We spoke about his travels to the Eastern Cape and particularly Mthatha. He recalled fond memories of goats and cows on the road. His lady friend was illuminating besides him and nodding each time he spoke. She had joined him on one of these trips. I was so happy that by the end of that conversation, the muscles around my mouth ached… it had been a lovely chat. But when the bus reached their stop and we bid each other farewell, I began to think of how I had witnessed other friends being met with the same fate – meeting someone from their home country right in the chaos of Milan – and just how effortless it was for them to switch to their native language. It had always been beautiful to watch.
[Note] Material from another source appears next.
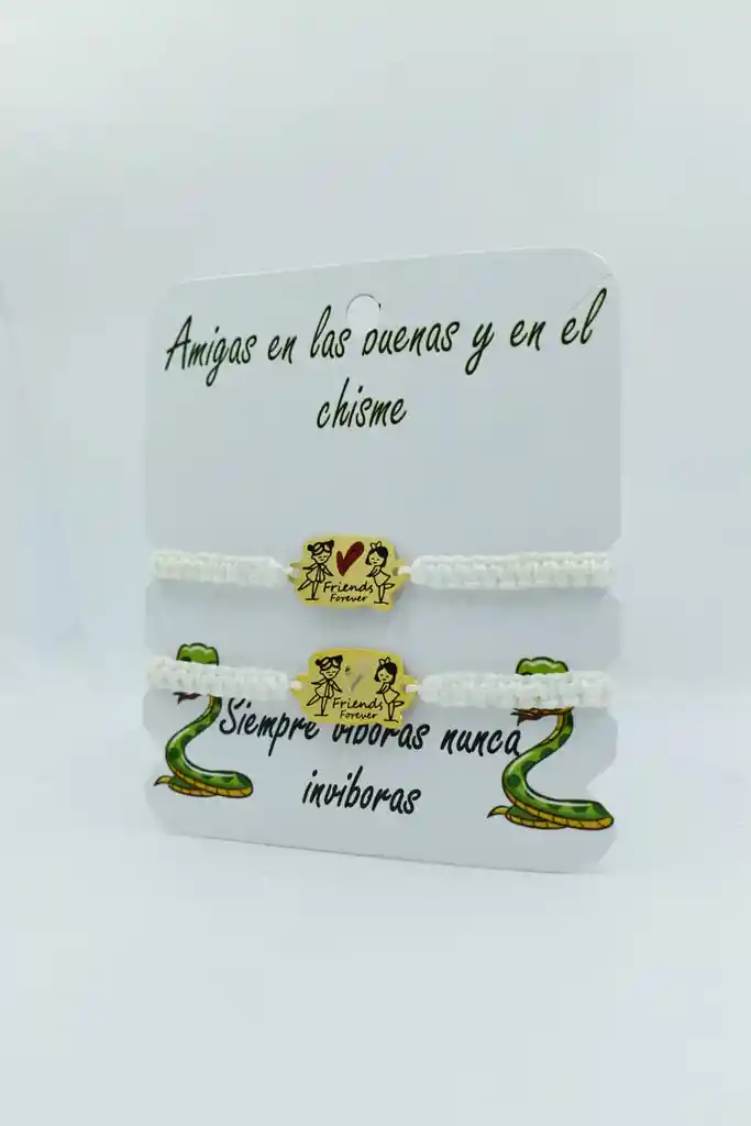 HERMOSO DUO DE MANILLAS DE COLOR BLANCO ACOMPAÑADO DE DOS AMIGAS, ELABORADAS CON HILO Y ORO GOLFIELD, PERFECTA PARA COMPARTIRLAS CON TU AMIGA

This was not the case for us, and it bugged me somewhat.
South Africa, with eleven official languages, is a country with four groups of people – 1. those who only speak an indigenous language (their mother tongue); 2. those who speak more than one indigenous language; 3. those who speak one or more indigenous languages plus English and/or Afrikaans; and lastly, 4. those who only speak English and/or Afrikaans. Of course, many others also dabble on a foreign language or two. This boy, who was the highlight of my week, fell into the last category… and this is not entirely a surprise.
With our complicated history and battle with social-culture integration, language, the importance of language, and whose matters the most can all be sensitive issues for many people in SA, and understandably so. This affects a multitude of things, including our fragile education system. But without branching off into a political debate, I strongly believe that South Africans (especially English and Afrikaans native speakers) need to try harder and encourage themselves to learn a language other than English or Afrikaans. Kunini sazilum’ amalwimi sikhumsha! That’s just my two cents. After all, just yesterday the continent celebrated Africa Day – the 50th anniversary of the African Union. How are we to feel proud of this “unity” when certain languages seem to enjoy more importance and “relevance” over others? What are your thoughts about languages in South Africa, or in your country for that matter?